[Source data]
■ ■ ■ ■ ■ ■ ■

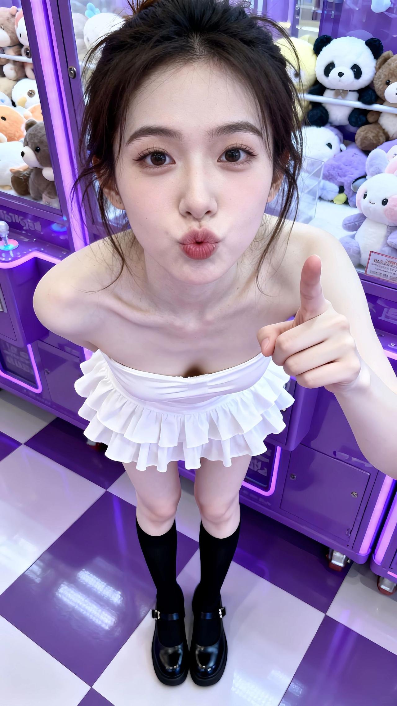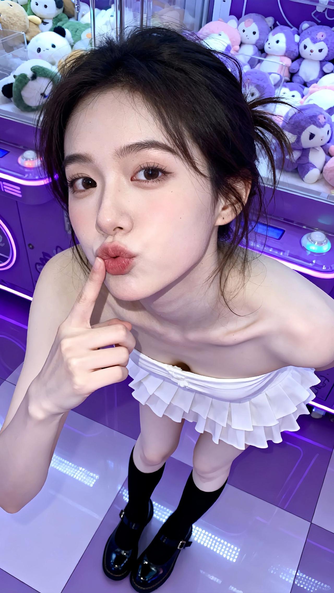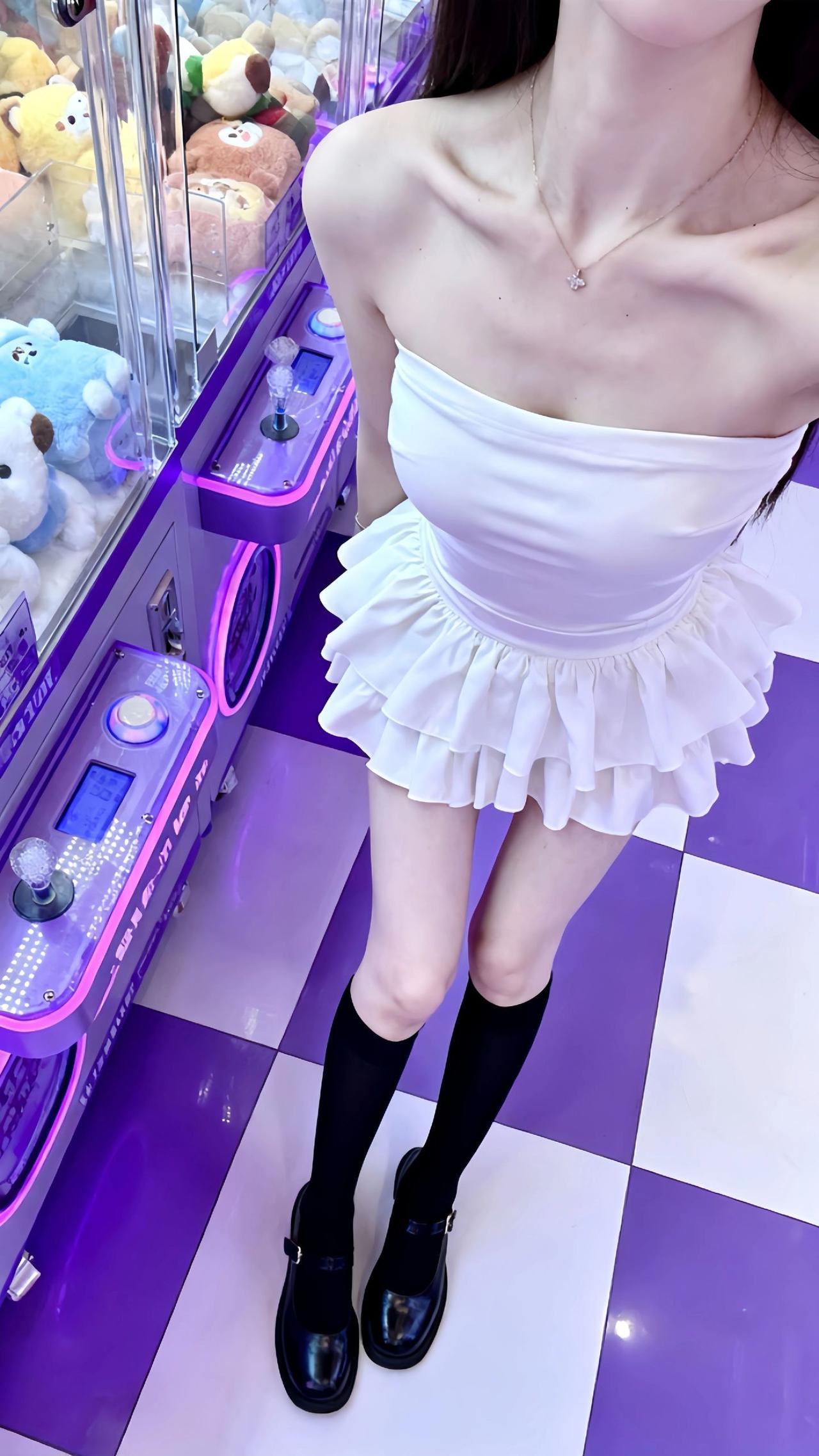 这位小姐姐正在夹娃娃机前拍照呢。女人穿裙子配什么鞋显得更有品味? 什么样的裙子才能兼顾优雅与迷人? 配裙子穿什么鞋 吊带背心搭配什么样的裙子呢
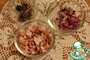 Ингредиенты для «Тушеная чечевица с беконом, луком, имбирем»:
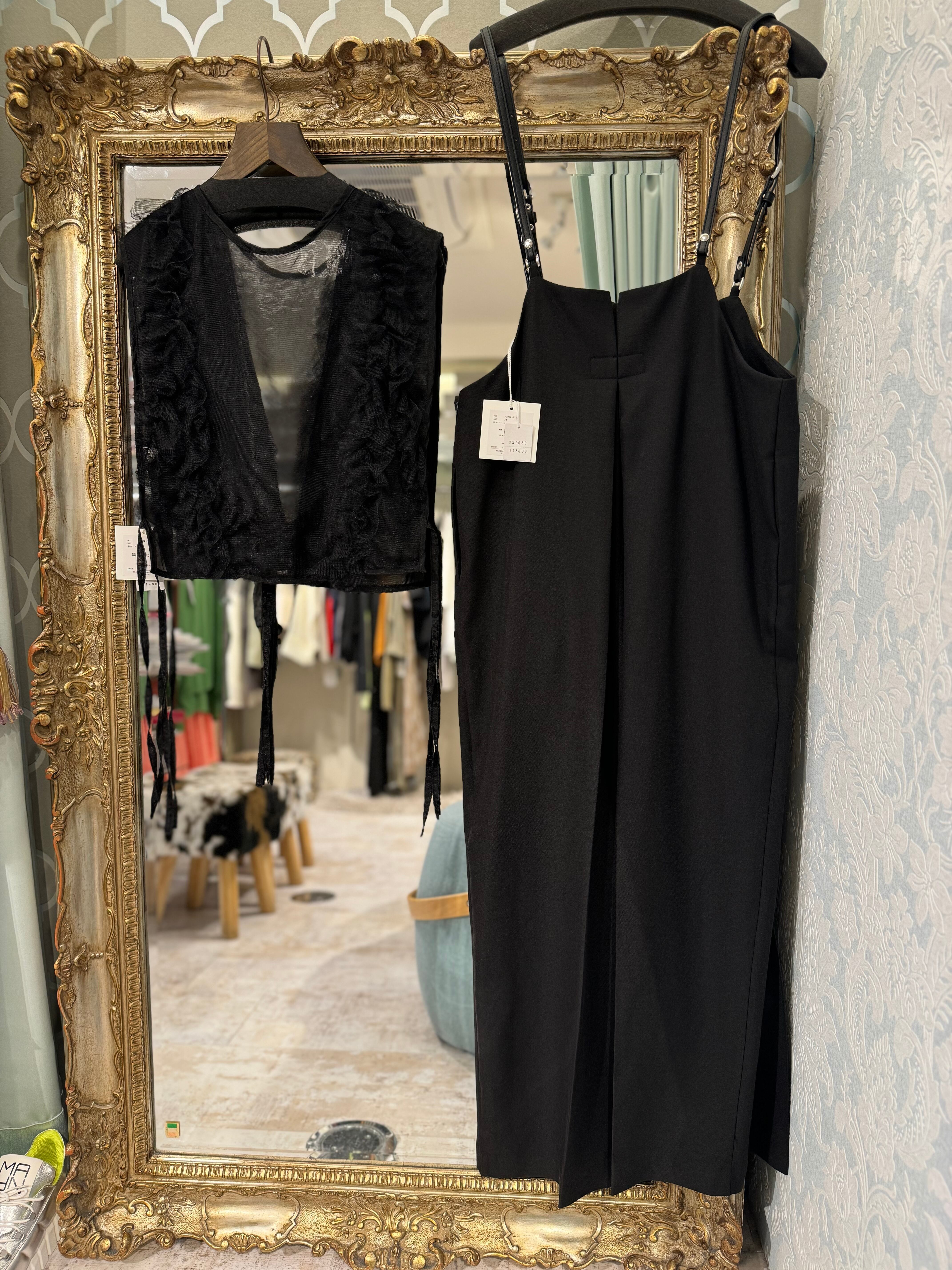 『K・M』様専用《CHIGNON 》フリルチュールベスト黒、サス付きパンツ黒 合計2点
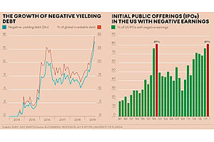 The first indicator is the percentage of new companies listing in the US with negative earnings. The latest level matches the peak last seen at the height of the dot-com bubble in 2000.
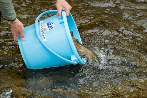 1匹釣ってからは膠着状態で、なかなか次が釣れません。顔なじみの漁協の組合員さんがやってきました。どうやらこの後、追加放流があるようです。フライフィッシングでは、放流された魚たちがすぐに釣れるわけではないのですが、新しい魚が入ることで、すでにいる魚たちの活性が上がるかもしれません。ゲームチェンジャー的な放流に期待が高まります!
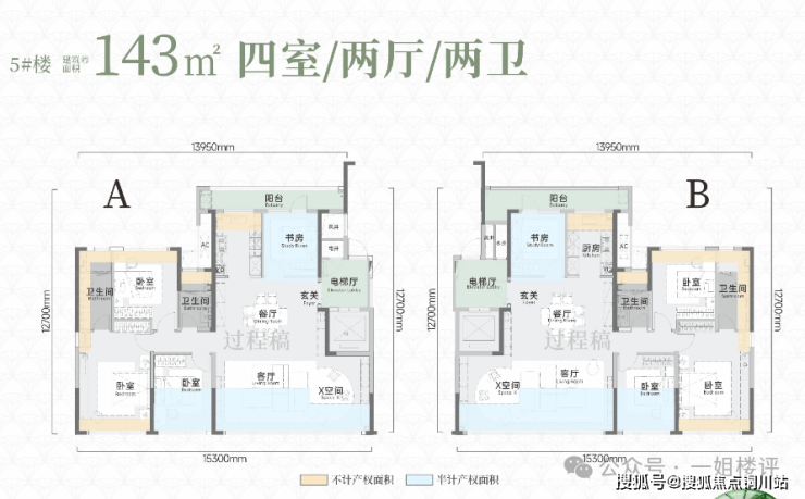 最大户型是建面约143平四房:
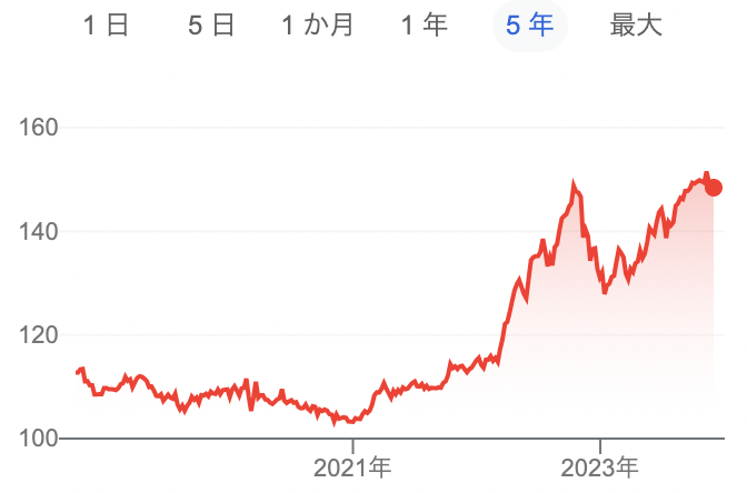 横ばいとはいっても、この間ドル円は110円台〜150円程度まで強烈に円安に振れたので、ドル建てで考えるなら日本株は暴落したといっても差し支えない。
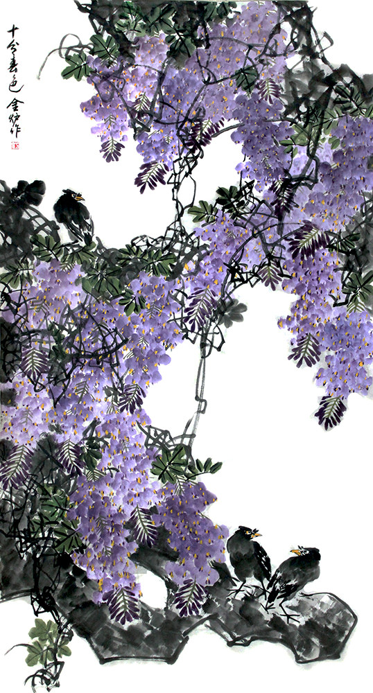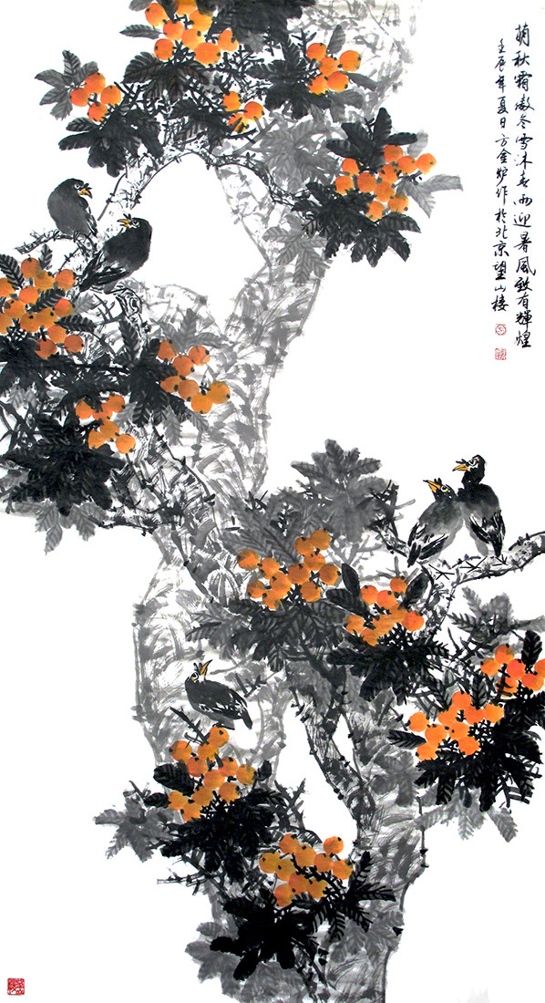 风格孤高傲尘外、烟波万里一江秋(136x68cm)作于2012年 方金炉在长时间的写生实践中,师法自然,善于从自然世界中寻觅美和表现美,他在生活中留下了许多写生的足迹,汲取素材寻找创作灵感,与自然的共融形成情感释放。观其山水画作品,有富于人格精神的意象世界,以淡雅的笔墨带来一种大气磅礴之势;以笔蕴气、以墨取韵,作品空灵典雅,远山近峰虚实相映,带给人一种清幽、雄浑之美感。尤其注重笔线点画的势态;所体现的一气呵成,笔笔相生、笔笔相应的内在气韵,也是他的作品获得峥嵘、刚健、雄伟的气象所在。从他的作品中,我们看到的不仅是画面的唯美、雄健、大气磅礴,还有自然界的清静与优雅,读到的不仅有他对大自然的深挚热爱,还有时时透显出来的灵秀、隽永、神韵、和谐;将大自然的美轮美奂、无限生机淋漓尽致地表现出来,让人回味悠长。在花鸟画意象的追求中,方金炉注重传统笔墨的当代精神价值的融合,融心境在其中,强调传统笔墨的继承。作品从内到外,从形到意,可谓皆有一股高逸之气循循而生!无论是用笔的勾勒、运线、还是用墨的色彩浓淡,均自然透出笔端,不仅强调笔墨的写意性,更多的是所追求自然界中的恬静、闲适的品格。正是这种赋予花、鸟、兽等物象自然流淌的天趣,使他的创作能得之于形、畅达于意、情尽神妙而焕发出流光溢彩的自然美感。方金炉以饱满的热情不断深入生活,体验自然,通过写生创作了大量充满蓬勃生机、富有神韵盎然意趣的艺术作品。在这里,我们汇集了他的书画代表作和近年的新作,一起领略他别具一格的诗意韵律和清气扑面的艺术气象。 ![]() 方金炉,1944年生,浙江金华人,1967年毕业于浙江大学,就职于北京某研究所。科学家,红学家,国画家。中国国学学会副主席,《艺术人物》杂志社荣誉社长,中国文人研究院名誉院长,中国数字艺术馆馆长,中国艺术百科艺术总监,檀香山艺术学院名誉院长等。 创作有大量中国花鸟画和山水画优秀作品,格正气清,儒雅文静,学术底蕴厚实,个人风格鲜明;笔墨功底扎实,时代气息浓郁,在继承传统的基础上大胆创新,成就卓越, 贡献突出,感染力和影响力强大。

■ ■ ■ ■ ■ ■ ■

The problem: Print out every record above exactly as given. Do not include the pictures.

Answer section:
 这位小姐姐正在夹娃娃机前拍照呢。女人穿裙子配什么鞋显得更有品味? 什么样的裙子才能兼顾优雅与迷人? 配裙子穿什么鞋 吊带背心搭配什么样的裙子呢
 Ингредиенты для «Тушеная чечевица с беконом, луком, имбирем»:
 『K・M』様専用《CHIGNON 》フリルチュールベスト黒、サス付きパンツ黒 合計2点
 The first indicator is the percentage of new companies listing in the US with negative earnings. The latest level matches the peak last seen at the height of the dot-com bubble in 2000.
 1匹釣ってからは膠着状態で、なかなか次が釣れません。顔なじみの漁協の組合員さんがやってきました。どうやらこの後、追加放流があるようです。フライフィッシングでは、放流された魚たちがすぐに釣れるわけではないのですが、新しい魚が入ることで、すでにいる魚たちの活性が上がるかもしれません。ゲームチェンジャー的な放流に期待が高まります!
 最大户型是建面约143平四房:
 横ばいとはいっても、この間ドル円は110円台〜150円程度まで強烈に円安に振れたので、ドル建てで考えるなら日本株は暴落したといっても差し支えない。
 风格孤高傲尘外、烟波万里一江秋(136x68cm)作于2012年 方金炉在长时间的写生实践中,师法自然,善于从自然世界中寻觅美和表现美,他在生活中留下了许多写生的足迹,汲取素材寻找创作灵感,与自然的共融形成情感释放。观其山水画作品,有富于人格精神的意象世界,以淡雅的笔墨带来一种大气磅礴之势;以笔蕴气、以墨取韵,作品空灵典雅,远山近峰虚实相映,带给人一种清幽、雄浑之美感。尤其注重笔线点画的势态;所体现的一气呵成,笔笔相生、笔笔相应的内在气韵,也是他的作品获得峥嵘、刚健、雄伟的气象所在。从他的作品中,我们看到的不仅是画面的唯美、雄健、大气磅礴,还有自然界的清静与优雅,读到的不仅有他对大自然的深挚热爱,还有时时透显出来的灵秀、隽永、神韵、和谐;将大自然的美轮美奂、无限生机淋漓尽致地表现出来,让人回味悠长。在花鸟画意象的追求中,方金炉注重传统笔墨的当代精神价值的融合,融心境在其中,强调传统笔墨的继承。作品从内到外,从形到意,可谓皆有一股高逸之气循循而生!无论是用笔的勾勒、运线、还是用墨的色彩浓淡,均自然透出笔端,不仅强调笔墨的写意性,更多的是所追求自然界中的恬静、闲适的品格。正是这种赋予花、鸟、兽等物象自然流淌的天趣,使他的创作能得之于形、畅达于意、情尽神妙而焕发出流光溢彩的自然美感。方金炉以饱满的热情不断深入生活,体验自然,通过写生创作了大量充满蓬勃生机、富有神韵盎然意趣的艺术作品。在这里,我们汇集了他的书画代表作和近年的新作,一起领略他别具一格的诗意韵律和清气扑面的艺术气象。 ![]() 方金炉,1944年生,浙江金华人,1967年毕业于浙江大学,就职于北京某研究所。科学家,红学家,国画家。中国国学学会副主席,《艺术人物》杂志社荣誉社长,中国文人研究院名誉院长,中国数字艺术馆馆长,中国艺术百科艺术总监,檀香山艺术学院名誉院长等。 创作有大量中国花鸟画和山水画优秀作品,格正气清,儒雅文静,学术底蕴厚实,个人风格鲜明;笔墨功底扎实,时代气息浓郁,在继承传统的基础上大胆创新,成就卓越, 贡献突出,感染力和影响力强大。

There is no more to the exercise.